Questo me l’ha inviato un grande amico, ed è proprio quello che ci voleva stamattina.
Ha la barba lunga di settimane, lui che di solito non la lascia crescere nemmeno un millimetro più del dovuto, lui che ti accoglie in piedi dopo una chemio perché non gli piace farsi vedere debole, lui che quando i medici dicono “gli rimangono dieci, forse venti giorni” nessuno riesce a crederci davvero.
“Devi farti la barba”, gli dico. I suoi genitori mi hanno chiesto di convincerlo: secondo loro si sentirebbe meglio, e conoscendolo lo credo anch’io.
“È davvero l’ultimo dei miei pensieri”, mi risponde, cercando di non avere un tono duro. È un patto solamente tra noi due, un patto di cui non abbiamo mai parlato ma in vigore da settimane: io continuo a fare lo spiritoso come se questa non fosse l’ultima stanza dove ci vedremo. Se poi incontro un momento sbagliato, lui non me lo fa pesare.
“Non è per te, è per la clinica”, insisto. “Dice che stanno fioccando recensioni negative su Tripadvisor…”
Gli strappo un sorriso, che grazie alla complicità di Filippo si trasforma quasi in una risata. Poche persone al mondo sono preziose quanto Filippo, soprattutto in questo momento: è lui a gestire chi entra e chi esce, a interpretare i piccoli segnali di insofferenza di suo fratello quando una visita si protrae troppo a lungo o semplicemente quando un collega di lavoro ci sta annoiando da ore, dopo aver portato una scatola di cioccolatini che Federico non può mangiare.
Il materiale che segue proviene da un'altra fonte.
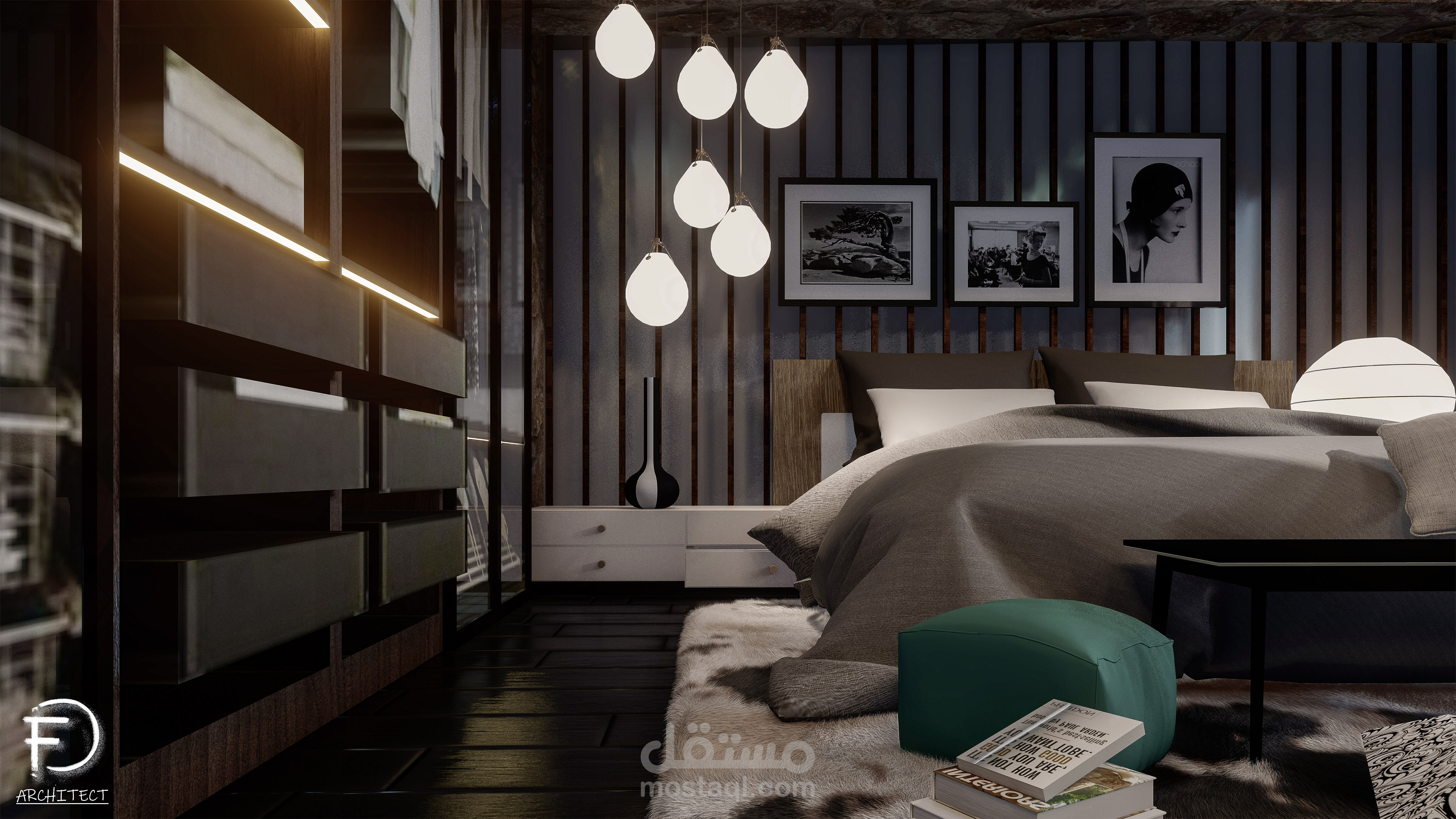 تم توظيفي لتصميم داخلي لغرفة نوم مودرن مع إضائة داخلية، حيث أنني إستخدمت sketchup لتصميم داخلي ثلاثي الأبعاد وأخيراً إستخدامت Lumion للرندر الواقعي.

Oggi possiamo entrare soltanto noi: il blocco intestinale si è aggravato. Federico ha chiesto di rimanere solo col medico, poi dopo un’ora ci ha fatti chiamare e ha detto: “da adesso non posso nemmeno bere. Stasera quindi ci facciamo un ultimo brindisi. Il dottore ha detto che è una cazzata, e me lo sconsiglia”.
“E quindi?”, ha domandato Filippo.
“E quindi il dottore se ne farà una ragione. Voglio bere un ultimo bicchiere con voi e questa cosa non è negoziabile”.